済昭園は、禅の教えを根底に置き、「社会を明るく照らす」という使命のもと、福祉を必要とするすべての方々に寄り添い、支え合う社会の実現を目指してまいりました。その基本理念にある「和顔愛語」「照顧脚下」「一期一会」「主人公」「一日不作、一日不食」は、私たちの日々の実践において指針となるものです。
今日の日本社会は、少子高齢化が加速し、人材確保の難しさといった課題に直面しています。そのような時代において、社会福祉法人の果たすべき役割はますます重要となっています。私たちは、福祉を単なるサービスの提供にとどめることなく、地域社会と一体となり、互いに支え合いながら真の共生社会を築いていくことを目指します。
そのためにも、まずは職員が安心して働ける環境を整えることが、利用者の皆さまへ安定した福祉サービスを提供できる源と考えます。
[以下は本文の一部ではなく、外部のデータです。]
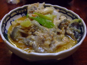 あんこうのガラとねぎを味噌(肝も入っているとのこと)味で煮たもの。

職員一人ひとりが自己の役割に誇りを持ち、日々の仕事の中に「一期一会」の心を見出しながら、支援にあたることができるよう努めてまいります。
また、禅の教えにある「照顧脚下」、すなわち足元を見つめ直し、己を省みることを忘れず、一歩一歩確実に進んでいくことが大切だと考えます。福祉の本質を見失うことなく、私たちが「社会を明るく照らす」存在となれるよう、皆さまと共に歩んでまいりたいと存じます。
済昭園では、高齢者福祉施設と児童養護施設を運営し、人生のさまざまなステージにおいて支え合う環境を提供しております。児童養護施設においては、未来を担う子どもたちが安心して成長できるよう、温かく見守り、健やかな心を育む支援に努めてまいります。子どもたちが希望を持ち、自らの可能性を信じられる社会を築くことは、私たち大人の責務であり、それこそが「和顔愛語」の精神を体現することにつながると考えています。
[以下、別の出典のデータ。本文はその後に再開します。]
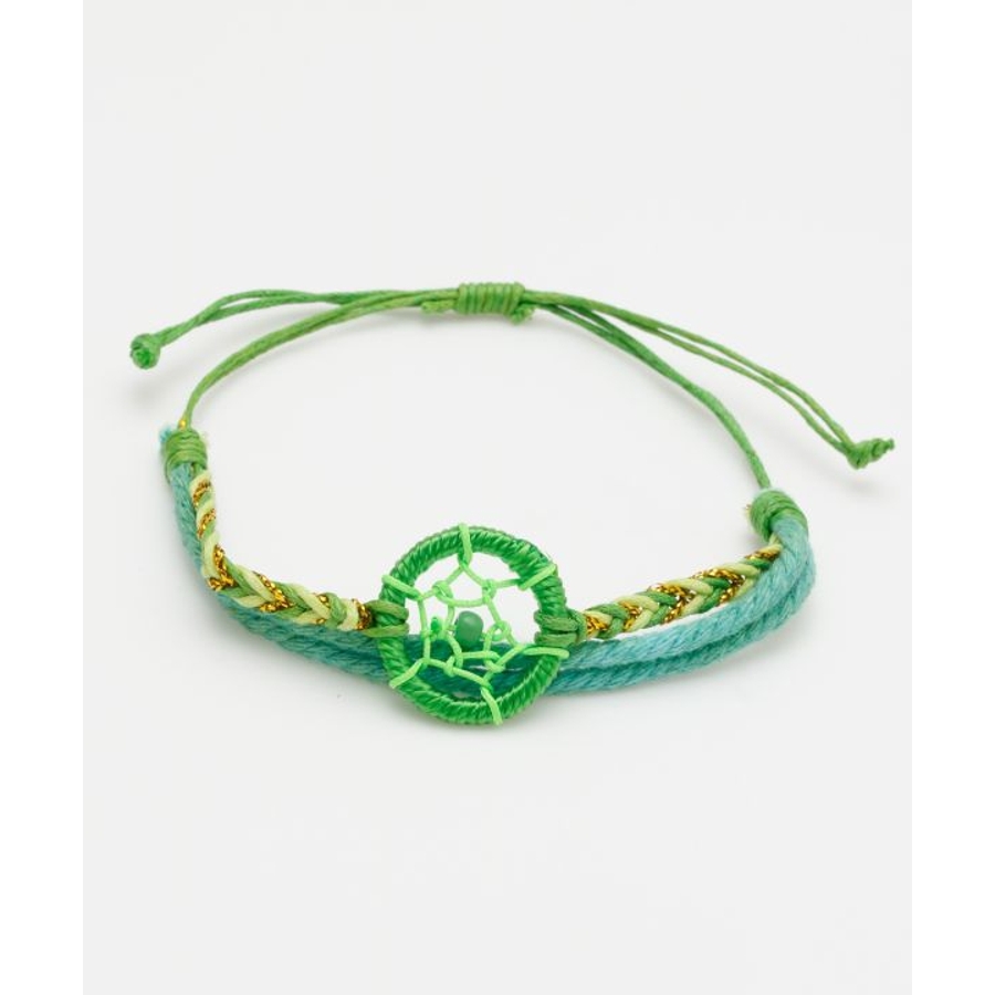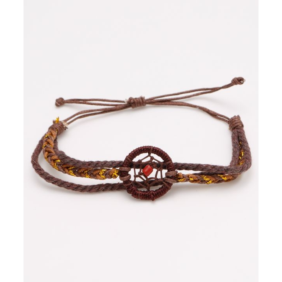 悪い夢をキャッチし、良い夢だけを通してくれるといわれる「ドリームキャッチャー」をモチーフにしたブレスレット。ミサンガのような編みこみで、幸運を呼んでくれそうです♪

また、高齢者福祉施設においては、長年社会を支えてこられた皆さまが、安心して充実した日々を過ごせるよう、心を尽くしたケアを提供いたします。お一人おひとりの人生に寄り添い、「主人公」の精神を大切にしながら、尊厳ある暮らしを支援してまいります。高齢者の方々が生きがいを持ち、地域とのつながりを実感できる場をつくることも、私たちの重要な役割と考えています。
済昭園は、昭和3年(1928年)の開設以来、長きにわたり地域福祉に貢献してまいりました。そして、間もなく100周年を迎えようとしております。この節目に向け、私たちはこれまでの歴史を振り返りながら、さらなる発展と地域社会への貢献を目指してまいります。これからも、福祉の本質を見失うことなく、時代の変化に柔軟に対応しながら、より良い支援を提供し続けることが私たちの使命です。100周年を迎えるその日まで、そしてその先も、皆さまと共に歩み続ける済昭園でありたいと考えております。
理事長就任にあたり、私の今後の目標として、新たな禅の教えを心に刻み実践してまいります。
常に正しい心を失わず、利用者の皆さまと誠実に向き合う。
変化を恐れず、自然の流れの中で柔軟に福祉のあり方を模索する。
相手の立場に寄り添い、共に歩みながら支え合う精神を大切にする。
初めの志を忘れず、常に謙虚な気持ちで福祉に向き合う。
最後になりますが、地域の皆さま、関係者の皆さまのご支援に深く感謝申し上げますとともに、今後とも変わらぬご理解とご協力を賜りますよう、心よりお願い申し上げます。